While it doesn't identify the regiment, a somewhat expanded view with a (possibly contemporary) caption found on The Regimental Rogue.







(Edited to add)

The photograph in question is available at  Library and Archives Canada titled 
"Personnel of the 42nd Regiment (Royal Highlanders of Canada) moving up to the attack on Cambrai in the early morning".


----------



## Chispa (18 Apr 2016)

Blackadder1916 said:
			
		

> While it doesn't identify the regiment, a somewhat expanded view with a (possibly contemporary) caption found on The Regimental Rogue.




P.S. Sorry to Blackadder didn't notice your links and have LAC's pic on file.

That's CEF 42nd BATT., see shoulder patch.








See helmet etc. 





Oct. 1918: Personnel of the 42nd Regiment (Royal Highlanders of Canada) moving up to the attack on Cambrai in the early morning.
The soldier third from right is R.E. Henley of "B" Company, 42nd Regiment. Copy negative PA-003265.

C.U. 

Joseph


----------



## Edward Campbell (18 Apr 2016)

So, 42nd Highlanders, more properly, the 42nd Battalion (Royal Highlanders of Canada), CEF, was, according to my search "*authorized on 7 November 1914 and embarked for Great Britain on 10 June 1915, disembarking in France on 9 October 1915, where it fought as part of the 7th Infantry Brigade, 3rd Canadian Division in France and Flanders until the end of the war.*" In other words, The Black Watch, right?


----------



## Michael OLeary (18 Apr 2016)

*The Formation of the 7th Canadian Infantry Brigade; CEF*
http://regimentalrogue.tripod.com/blog/index.blog/2308099/the-formation-of-the-7th-canadian-infantry-brigade-cef/

Extracts from the opening pages of the War Dairy of the 7th Canadian Infantry Brigade.
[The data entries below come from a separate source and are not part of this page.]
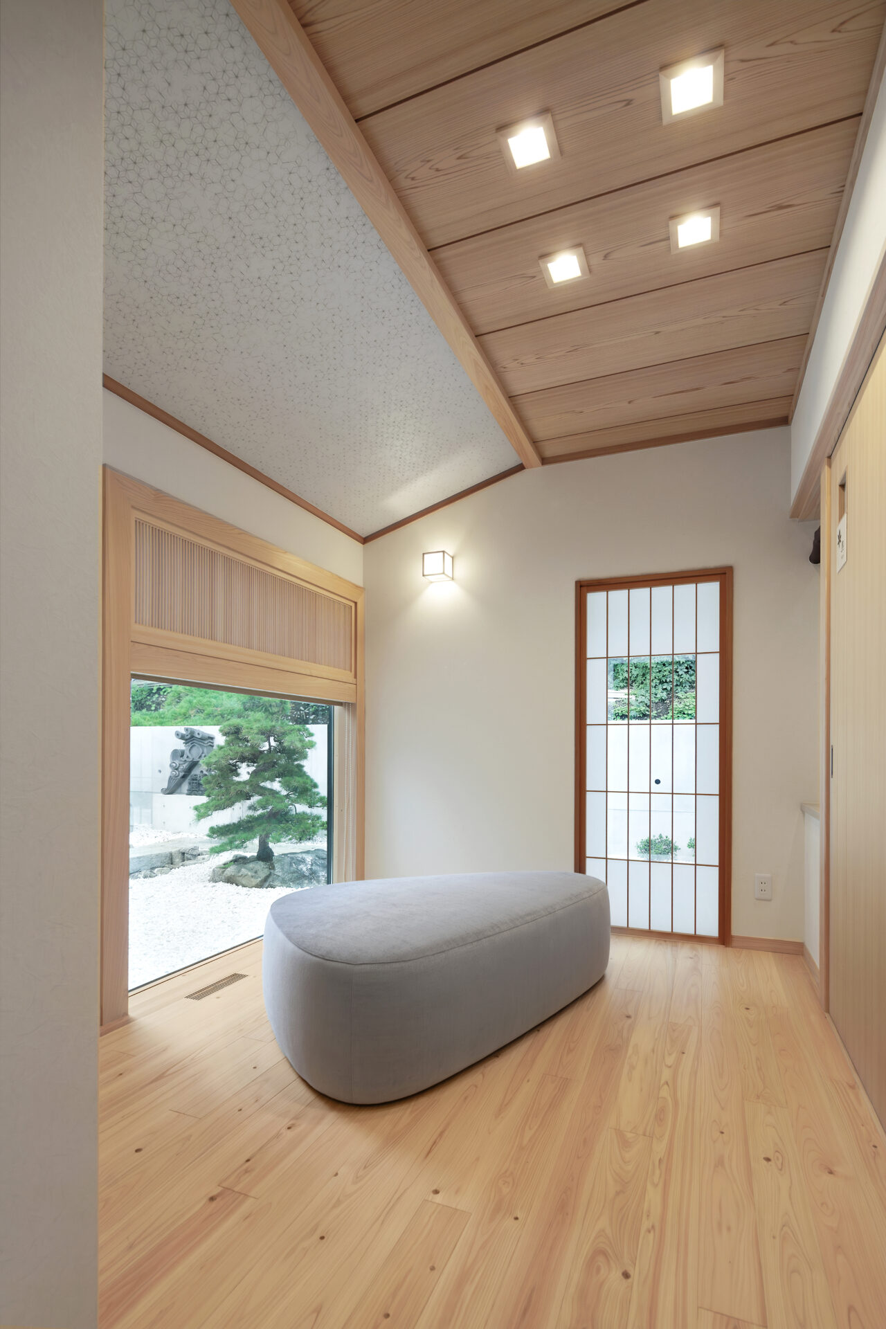 勾配天井には模様入りのクロスを採用しています。
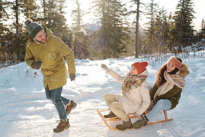 Две радостные девушки в зимней одежде сидят на санях, пока молодой человек их тянет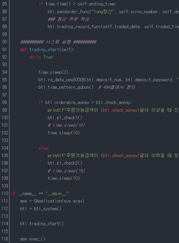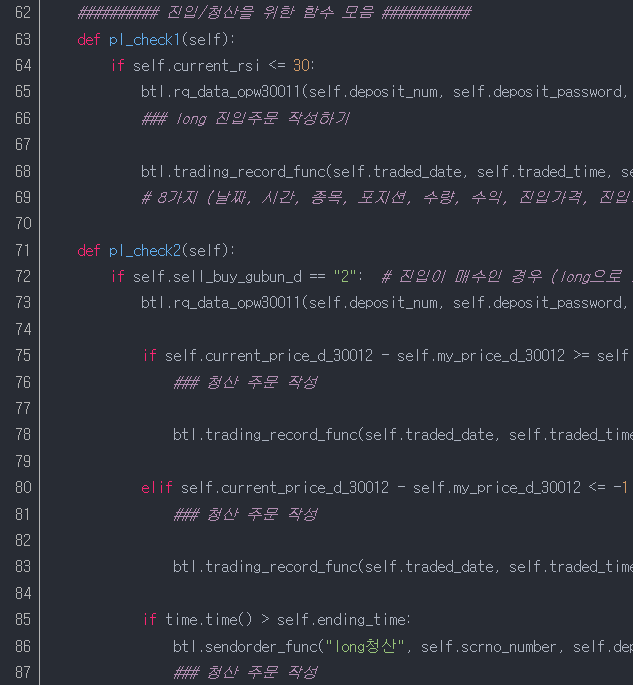 90줄~116줄 : 주문가능수량 및 체크금액(20,000달러)과 비교하여, 진입(pl_check1)함수 및 청산(pl_check2)를 실행유무를 결정되면, 각각의 진입/청산함수를 실행하라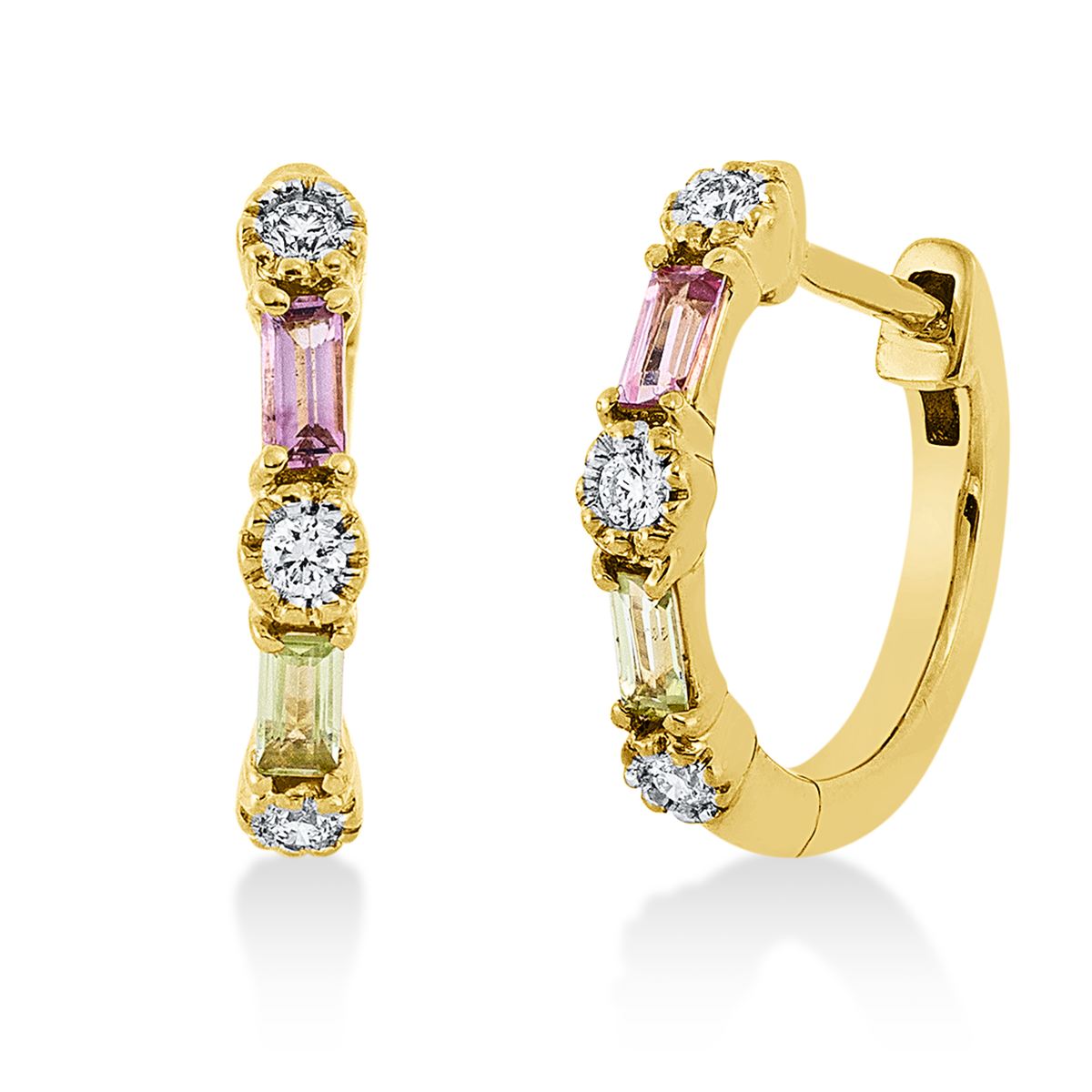 Creolen 18 kt GG, 6 Brillanten 0,08 ct, TW-si, 2 Turmalin 0,12 ct pink, 2 Peridot 0,12 ct grün, H:12,5 mm, B:14,4 mm, S:2,4 mm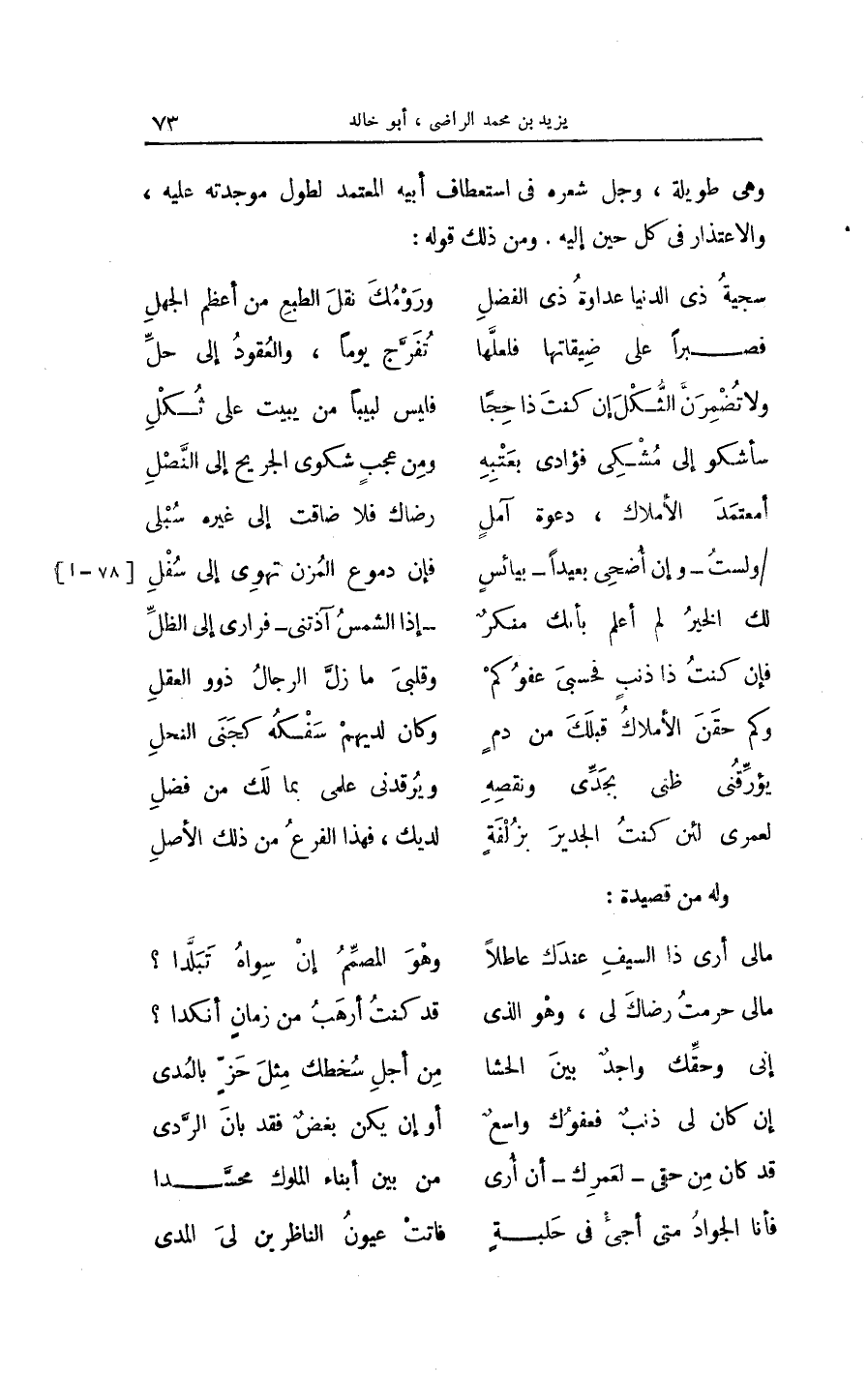 وَهِي طَوِيلَة وَجل شعره فِي استعطاف أَبِيه الْمُعْتَمد لطول موجدته عَلَيْهِ والاعتذار فِي كل حِين إِلَيْهِ وَمن ذَلِك قَوْله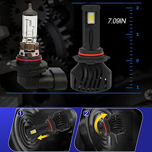 Details: Ultra-Bright: 9005LE Headlight Bulb,60W, 12000LM per pair, using LED 3570 lamp bead chip, 300% brighter than halogen lamp, no black spots, perfectly focused light source, using LED bulb 6500K cold white light, wider viewing angle, improving driving safety at nightUltra-Fast: plug and play, easy replacement in 5 minutes, according to the original halogen lamp installation bayonet plug 1:1 die-casting molding, accurate size, smaller volume than the original halogen lamp, lighter, and more convenient to installApplicability: Built-in intelligent EMC, anti-interference, error-free, suitable for 99% of vehicles, some sensitive vehicles may need to install a CAN bus decoder.Fast Heat Dissipation: The body adopts 7075 aviation aluminum to dissipate heat by itself, with a high-speed silent fan, heat dissipation is faster and more efficient, and the use time is improved. Product life can reach 50,000 hours.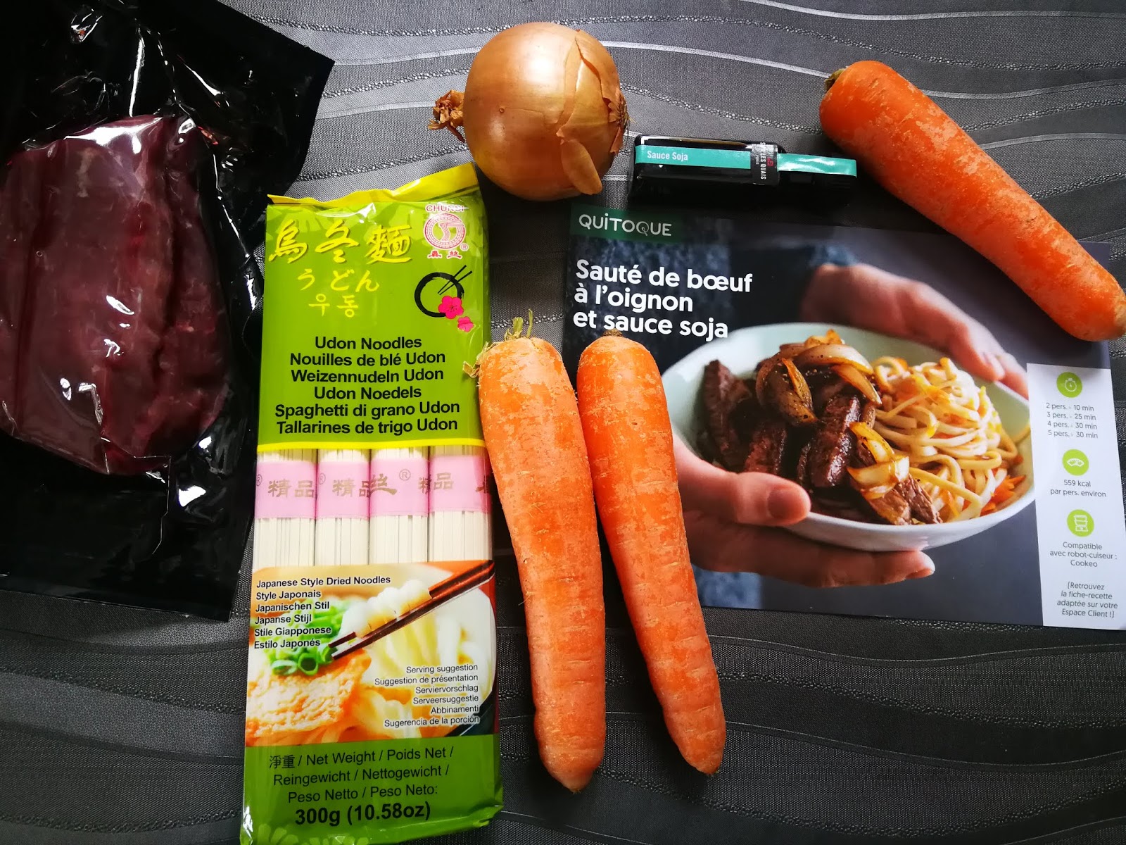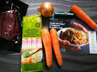 - coupez le boeuf en lanières de 1 à 2 cm et faire revenir les morceaux 30 secondes à 1 minutes avec l'oignon.

42ND BATTALION, (5TH ROYAL HIGHLANDERS OF CANADA).

42nd Battalion (5th Royal Highlanders of Canada) Canadian Expeditionary Forces (Lieut Colonel G.C. Cantlie) joined the Brigade on its formation at Mont-des-Cats, having been for a period of nearly three months on Active Service in France. Recruited and mobilized in the City of Montreal, Province of Quebec in February 1915, and after five months training in Canada sailed for England, where further training in musketry was undergone until the 9th October 1915 when the Battalion came over to France.

The 42nd Canadian Infantry Battalion is now perpetuated by The Black Watch of Canada (Royal Highland Regiment).


----------



## expwor (18 Apr 2016)

E.R. Campbell said:
			
		

> So, 42nd Highlanders, more properly, the 42nd Battalion (Royal Highlanders of Canada), CEF, was, according to my search "*authorized on 7 November 1914 and embarked for Great Britain on 10 June 1915, disembarking in France on 9 October 1915, where it fought as part of the 7th Infantry Brigade, 3rd Canadian Division in France and Flanders until the end of the war.*" In other words, The Black Watch, right?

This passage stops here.